Figure 2. Prototype of the D-EXA microscope. The electron beam from the scanning electron microscope irradiates the specimens from below. The fluorescent emission is viewed through the fluorescence microscope and recorded by the photomultiplier (PMT).
We designed and built a prototype D-EXA microscope (see Figure 2). The beam from the SEM irradiates the specimens from below and the excited emission is collected above in the fluorescence microscope.3, 4 A photo-multiplier (PMT) records the signal.
To evaluate the resolution of the D-EXA microscope, we observed dried zinc oxide (ZnO) nanoparticles under atmospheric pressure.8, 9 We first placed the 100nm-sized ZnO nanoparticles in ultra-pure water on the thin film and dried them at room temperature. We then imaged the nanoparticles with both a conventional epi-fluorescence microscope and the D-EXA microscope, as shown in Figure 3(a) and 3(b), respectively. Both images represent the same area of 9.7μm × 9.7μm, but the ZnO nanoparticles are resolved more clearly in Figure 3(b). These results show that the D-EXA microscope has a higher spatial resolution than that of the epi-fluorescence microscope.
Figure 3. Luminescence images of 100nm zinc oxide (ZnO) nanoparticles acquired with (a) conventional epi-fluorescence microscope and (b) the D-EXA microscope. (c) Isolated ZnO nanoparticles imaged with the D-EXA microscope. (d)-(f) Line profiles of the regions between the arrows in the corresponding images above. The light intensity is shown in arbitrary units (a.u.).

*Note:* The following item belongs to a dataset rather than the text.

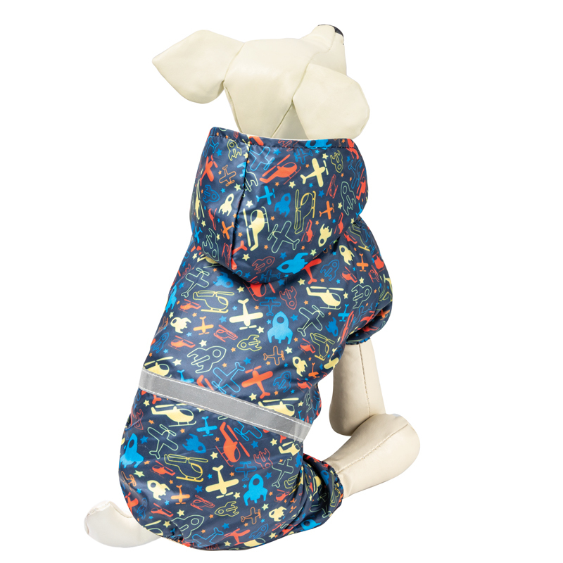 Костюм-дождевик "Полет" - это удобный и функциональный аксессуар для собак, который просто незаменим в дождливую погоду. Изделие защитит шерсть животного от дождя и грязи, а непродуваемая ткань - от сильного ветра. Костюм имеет стильный дизайн, а универсальный фасон не стесняет движений питомца во время прогулки. Особенностью дождевика является светоотражающая лента, идущая по талии изделия, - для повышения безопасности животного на дороге. Дождевик также имеет капюшон и фиксируется при помощи трех заклепок на животе, а на штанинах предусмотрены удобные резинки, препятствующие попаданию грязи и влаги снизу. Длина спины: 350мм; обхват груди: 460мм; обхват шеи: 330мм. Цвет: темно-синий с голубым, желтым и красным.

Figure 3(d) and (e) represent the line-profiles of the regions between the arrows in Figure 3(a) and (b), respectively. The data indicates that the D-EXA microscope is able to distinguish each ZnO nanoparticle, whereas the epi-fluorescence microscope cannot. This is because the spatial resolution of the epi-fluorescence microscope is limited to approximately 200nm due to the diffraction limit of light. In Figure 3(c), we show the luminescence image of isolated ZnO nanoparticles acquired with the D-EXA microscope. From the corresponding line profile depicted in Figure 3(f), we find that the full width at half maximum for the D-EXA microscope is 100nm.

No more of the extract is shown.